Center your images. Add a caption below using Insert > Caption. Format captions as a separate style – usually centered, italics, maybe 9pt font.
Keep images at 300 DPI minimum if you’re printing. Word doesn’t always maintain image quality when you save, so I usually compress carefully. Go to File > Options > Advanced, scroll to Image Size and Quality, make sure “Do not compress images in file” is checked.
Actually wait – if your file gets too huge, you’ll need to compress. But do it strategically. Click an image, Picture Format tab appears, Compress Pictures button. Choose “Print (220 ppi)” as a compromise between quality and file size.
Photo Section vs Integrated Photos
Some memoirs put all photos in a middle section on glossy paper. Others integrate them throughout. If you’re doing a photo section, create it as its own section with different page settings – maybe no page numbers, different margins, whatever.
Use section breaks before and after this insert section. Then you can format it however without messing up your text flow.
Headers Footers and Running Elements
I kinda mentioned this earlier but let me be more specific because I got sidetracked.
Standard memoir format puts page numbers in the footer, centered or on the outside edge (left on left pages, right on right pages). To get outside page numbers, use different odd/even pages like I said, then insert page number on the left for even pages, right for odd pages.
Headers typically show book metadata – author name on verso (left), book title or chapter title on recto (right). Use the same Different Odd & Even Pages setup.
Font size for headers/footers is usually 2pts smaller than body text. So if body is 11pt, headers are 9pt.
Saving and Exporting Your Template
Once you’ve got everything set up – margins, fonts, styles, headers, the works – save this as a template file. Go to File > Save As, choose location, but in the “Save as type” dropdown select “Word Template (*.dotx)”.
Name it something like “Memoir_Template_6x9” if it’s formatted for 6×9 trim size. Store it somewhere you’ll remember.
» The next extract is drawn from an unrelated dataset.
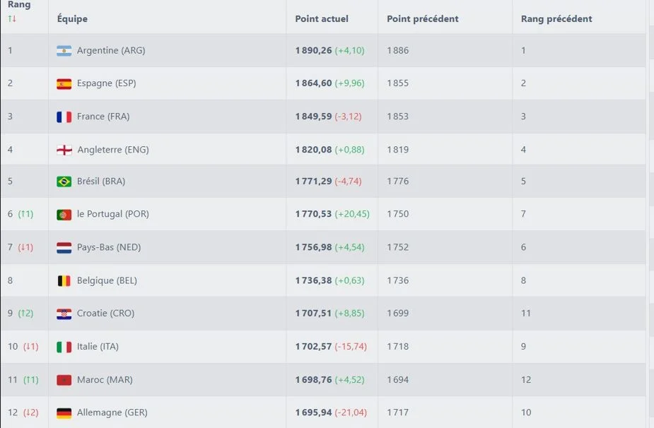 Cette montée s’explique aussi par la baisse de régime de certaines équipes concurrentes. L’Allemagne, jusqu’ici 10ᵉ, devrait perdre quelques places après des défaites récentes, tandis que l’Italie pourrait récupérer le Top 10. La Croatie, solide 9ᵉ, consolide sa position grâce à ses larges victoires en qualifications pour la Coupe du Monde 2026.

Next time you start a memoir project, just open this template and you’ve got all your formatting ready to go. Just gotta add content.
Oh and make templates for different trim sizes. 6×9 is standard for memoir but some people want 5.5×8.5 or 5×8. The margins and overall feel change with trim size.
Converting to PDF for Print
When you’re done writing and ready to upload to KDP or wherever, export as PDF. File > Save As > PDF. But click Options first and make sure “ISO 19005-1 compliant (PDF/A)” is NOT checked – that setting can cause issues with print files.
Also in Options, choose “Optimize for: Standard” not “Minimum size”. You want quality here.
Before you export, do a final proofread in Print Preview mode (File > Print, but don’t actually print). This shows you exactly how pages will look including where chapter breaks fall, whether you have weird widows/orphans despite your settings, etc.
Look I’m not gonna lie, Word isn’t the absolute best tool for book formatting. InDesign is better. Vellum is easier. But Word is what most people already have and know, and honestly for memoir it works fine if you set it up right. I’ve formatted probably 50+ memoirs in Word and they look professional enough that readers can’t tell the difference between my Word-formatted books and InDesign ones.
Just gotta know these specific settings and actually use styles instead of manual formatting everything. That’s the key really – styles, section breaks, and understanding how headers/footers work across sections. Master those three things and you’re like 80% of the way there.